Park Sook Ryun, Ryu Min-Hee, Ryoo Baek-Yeol, Beck Mo Youl, Lee In Soon, Choi Mi Jung, Lee Mi Woo, Kang Yoon-Koo
Department of Oncology, Asan Medical Center, University of Ulsan College of Medicine, Seoul, Korea.
Department of Dermatology, Asan Medical Center, University of Ulsan College of Medicine, Seoul, Korea.
Cancer Res Treat. 2016 Jan;48(1):162-70. doi: 10.4143/crt.2015.017. Epub 2015 Sep 1.
This study evaluated the incidence of imatinib-associated skin rash, the interventional outcomes of severe rash, and impact of severe rash on the outcomes of imatinib treatment in gastrointestinal stromal tumor (GIST) patients.
A total of 620 patients were administered adjuvant or palliative imatinib for GIST at Asan Medical Center between January 2000 and July 2012. This analysis focused on a group of 42 patients who developed a severe rash requiring major interventions, defined as dose interruption or reduction of imatinib or systemic steroid use.

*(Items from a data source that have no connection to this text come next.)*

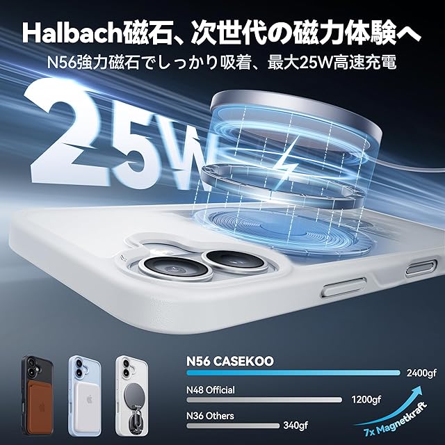 【最大25Wの高速充電&強力な磁力対応】CASEKOOOは独自の非閉合メタルリング設計を採用しており、充電効率の損失を減らし、発熱を抑えます。さらに、Halbachアレイ磁気吸着技術を組み合わせることで、充電中のスマートフォンへの影響を最小限に抑え、最大25Wの高速ワイヤレス充電をほぼエネルギー損失なく実現します。また、業界最強のN56磁石を使用しており、従来の保護ケースに使われる磁石の20倍の吸着力を持ちます。でこぼこの道でも、MagSafe対応の車載ホルダーにしっかりと接続でき、脱落の心配なく安心して使用できます。さらに、両面磁吸設計により、冷蔵庫や壁、キッチンなどの鉄製面にも安定して吸着可能。料理中、運動中、休憩中でも、両手を自由に使いながら動画視聴や通話を楽しめます 対応モデル:for iPhone17 ケース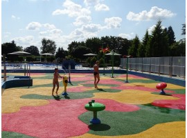 W Zduńskiej Woli od tygodnia czynny jest średni basen przy ul. Kobusiewicza. Dziś (22.08) dla najmłodszych otworzono wodny plac zabaw.
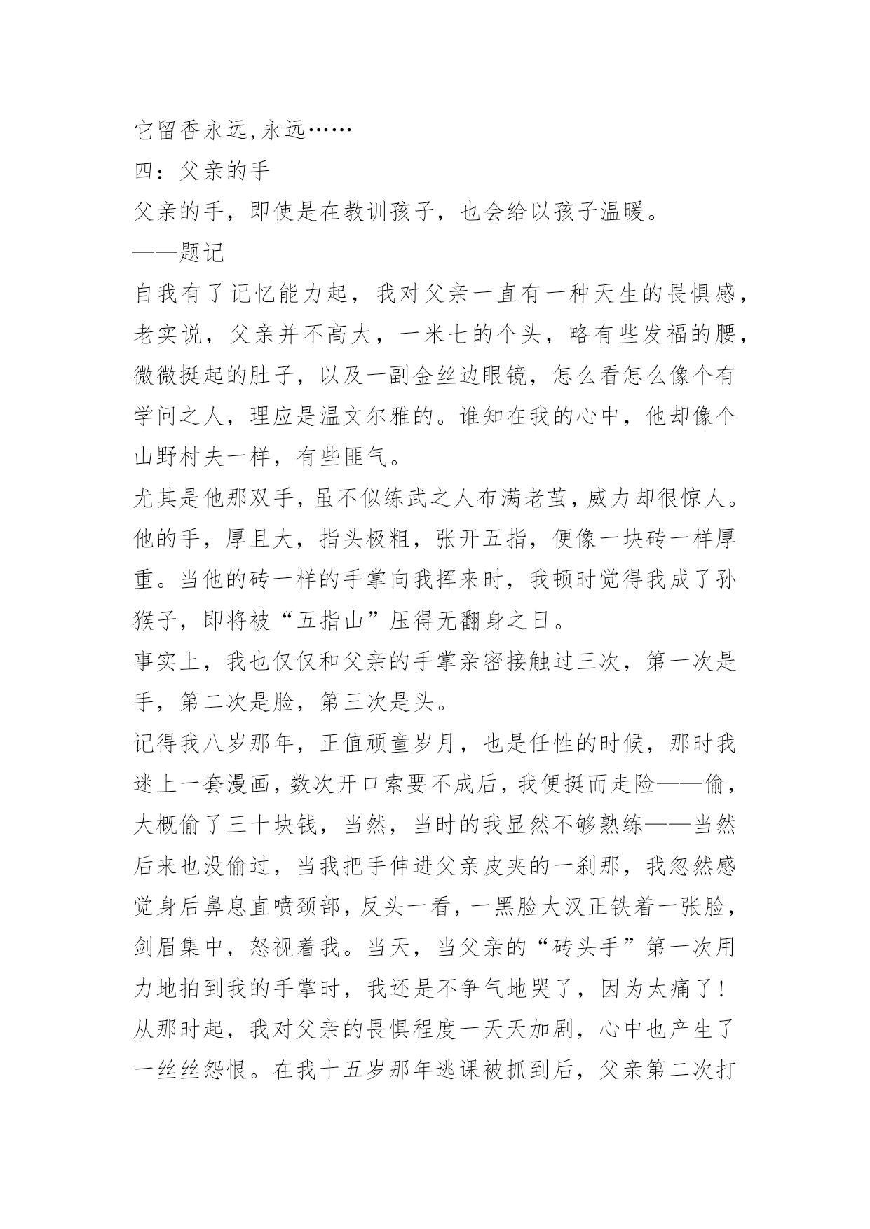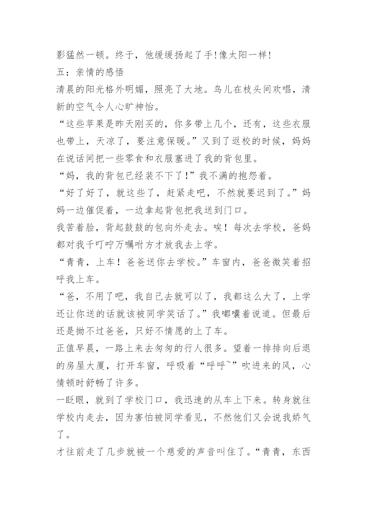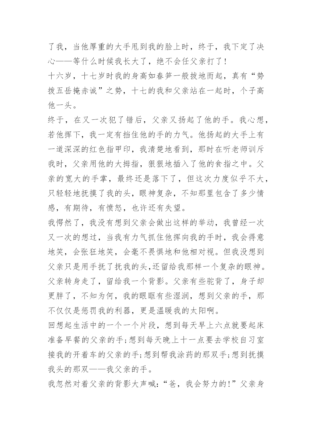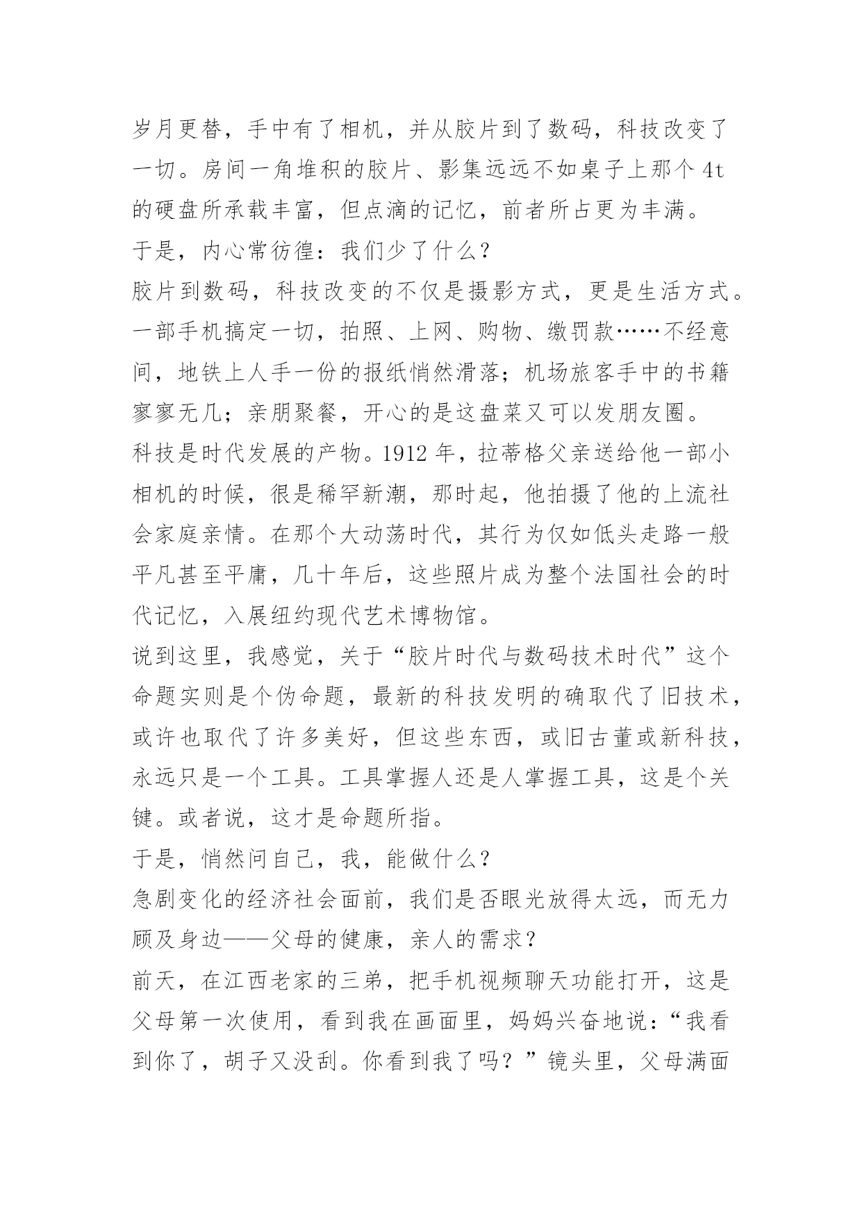 亲情高考满分作文亲情高考满分作文亲情,如一杯浓浓的热奶,捧在手心,让它在寒夜里用醇香的温暖驱赶冰冷的孤寂。“常回家看看”,当它作为一首歌时,红遍了大江南北,而当它作为一条法令时,宣告社会意识已经觉醒。一个人,如一棵树,带着一丝莫名其妙就神奇地来到世界,然后,生根发芽,开花结果。然而人与树又不尽相同,人会漂泊,而树永远扎根。是的,当我们长大了,都要到远方漂泊,如长翅的鸟儿,离巢腾飞。但我们那如树一样的根,却深深地扎在父母给予我们的那片土地上,我们流着他们的血液,呼吸着他们的呼吸,我们是父母用爱筑就的艺术。然而,当我们飞走了,离巢了,那满满的空虚就无情地留给了他们。我们得到了生命,经历了成长,难道就只能给他们留下一个空巢?面对亲情和工作,很多人会毫不犹豫地选择后者,因为亲情可以等待,而成功的机会却稍纵即逝,俗话不也说“好男儿志在四方”吗?可是“树欲静而风不止,子欲养而亲不待”,是否只有失去了才知道珍惜亲情?记得季羡林先生在《永久的悔》中就感慨于自己对母亲的忽视,字字动人肺腑,引人深思。朝如青丝暮成雪,人生有多少个“等待”?我们拥有长长的一生,而给予我们这一生的人难道只能在白发苍苍时站在我们的身后,眺望着我们远去的背影吗?当然不能。他们的给予,足够换取我们为他们献上的温暖。把亲情捧在手心,用心的温度去温暖,让它成为一股暖流,流淌在子女和父母之间。《老年法》写上子女“常回家看看”,不得不说,这使我们的社会更具人情味。在物质至上的今天,许许多多的人只会向“钱”看,对于情的淡薄,对于心灵的冷漠已经习以为常。其实,很多人在拥有了丰富的物质后,又何尝不感到一无所有!因为在追名逐利的过程中,他已经远离了温暖的人群。“常同家看看”,今天的社会为我们立了一块温馨的提示牌,提醒我们,即便走到很远的地方,也别忘了家的存在和父母望眼欲穿的等待。这样的提示,我们应该鼓掌喝彩。把亲情捧住,捧在手心,当你对茫茫前程感到畏惧和无助时,体会一下它的温暖,当那股熟悉的暖流流淌过心灵,那就是父母微笑的鼓励!二:胶片或是数码亲情都是核心对那幅照片我一直不满意,是爷爷的一幅肖像照片,家里人都说挺好,后来以那幅照片为蓝本又做了瓷版画,但与记忆中的爷爷相去甚远。我是爷爷奶奶带大的,在他们身边八年,记忆如磐石,刻骨铭心。两位老人早已离我远去,眼前却总模糊着爷爷踉跄的脚步,耳畔回荡着奶奶的哭泣,永红什么时候再回来啊?尽管不能诠释内心记忆,但那幅照片我一直珍藏。后来,学会摄影后做的第一件事情就是翻拍那幅照片并放大,现仍在我的书房里挂着,那是记忆中爷爷唯一一幅照片。岁月更替,手中有了相机,并从胶片到了数码,科技改变了一切。房间一角堆积的胶片、影集远远不如桌子上那个4t的硬盘所承载丰富,但点滴的记忆,前者所占更为丰满。于是,内心常彷徨:我们少了什么?胶片到数码,科技改变的不仅是摄影方式,更是生活方式。一部手机搞定一切,拍照、上网、购物、缴罚款……不经意间,地铁上人手一份的报纸悄然滑落;机场旅客手中的书籍寥寥无几;亲朋聚餐,开心的是这盘菜又可以发朋友圈。科技是时代发展的产物。1912年,拉蒂格父亲送给他一部小相机的时候,很是稀罕新潮,那时起,他拍摄了他的上流社会家庭亲情。在那个大动荡时代,其行为仅如低头走路一般平凡甚至平庸,几十年后,这些照片成为整个法国社会的时代记忆,入展纽约现代艺术博物馆。说到这里,我感觉,关于“胶片时代与数码技术时代”这个命题实则是个伪命题,最新的科技发明的确取代了旧技术,或许也取代了许多美好,但这些东西,或旧古董或新科技,永远只是一个工具。工具掌握人还是人掌握工具,这是个关键。或者说,这才是命题所指。于是,悄然问自己,我,能做什么?急剧变化的经济社会面前,我们是否眼光放得太远,而无力顾及身边——父母的健康,亲人的需求?前天,在江西老家的三弟,把手机视频聊天功能打开,这是父母第一次使用,看到我在画面里,妈妈兴奋地说:“我看到你了,胡子又没刮。你看到我了吗?”镜头里,父母满面喜悦,绽放的笑容,抑制不住流淌。有段时间没回家了,我想,得回去了。对了,父亲一直说要爷爷那幅照片,家里没有,这次也得带回去了。三:珍惜所拥有的亲情奶奶的嘱咐“考试时别慌!别吃油炸的东西,别喝生水别乱跑,别受凉,别……”奶奶一遍遍地嘱咐着我,有时会觉得多余而又哆嗦。但是从奶奶那饱含深情的眼神中,我知道奶奶对我的嘱咐,就是对我爱的另一种表达.奶奶,您一定在为我担心吧!不用担心,有您的爱,孙女会成功的。爸爸的电话“菲子,小心身体,别担心,能考多少都是你的成绩,爸相信你,支持你,多买点营养品,别怕花钱,爸有的是力气,女儿花钱,我高兴,多喝点牛奶……”。爸在电话里边说边笑着。但我知道,其实他也很担心我,只是想消除我的紧张感罢了!爸是靠力气挣钱的,但却给我寄那么多钱,我想这个月爸一定要紧紧皮带啦。写到这我

Of the 620 patients treated with imatinib, 148 patients (23.9%) developed an imatinib-associated skin rash; 42 patients (6.8%) developed a severe rash requiring major intervention. Of these, 28 patients (66.8%) successfully continued imatinib with interventions. Serial blood eosinophil levels during imatinib treatment were associated with skin rash and severity. A significant association was observed between successful intervention and blood eosinophil level at the time of intervention initiation. In metastatic settings, patients with severe rash requiring major interventions tended to show poorer progression-free survival than patients who did not require major intervention and patients with no rash, although this finding was not statistically significant (p=0.326).
By aggressive treatment of severe rash through modification of imatinib dose or use of systemic steroid, the majority of patients can continue on imatinib. In particular, imatinib dose intensity can be maintained with use of systemic steroid. Measuring the blood eosinophil levels may be helpful in guiding the management plan for skin rash regarding the intensity and duration of interventions.
本研究评估了伊马替尼相关皮疹的发生率、严重皮疹的干预结果以及严重皮疹对胃肠道间质瘤(GIST)患者伊马替尼治疗结果的影响。
2000年1月至2012年7月期间,共有620例患者在峨山医学中心接受伊马替尼辅助或姑息治疗GIST。本分析聚焦于一组42例出现严重皮疹且需要进行重大干预的患者,重大干预定义为伊马替尼剂量中断或减少或使用全身性类固醇。
在接受伊马替尼治疗的620例患者中,148例(23.9%)出现伊马替尼相关皮疹;42例(6.8%)出现需要重大干预的严重皮疹。其中,28例(66.8%)通过干预成功继续使用伊马替尼。伊马替尼治疗期间的系列血嗜酸性粒细胞水平与皮疹及严重程度相关。在开始干预时,成功干预与血嗜酸性粒细胞水平之间观察到显著关联。在转移性情况下,需要进行重大干预的严重皮疹患者的无进展生存期往往比不需要重大干预的患者和无皮疹患者更差,尽管这一发现无统计学意义(p=0.326)。
通过调整伊马替尼剂量或使用全身性类固醇积极治疗严重皮疹,大多数患者可以继续使用伊马替尼。特别是,使用全身性类固醇可维持伊马替尼剂量强度。测量血嗜酸性粒细胞水平可能有助于指导关于皮疹干预强度和持续时间的管理计划。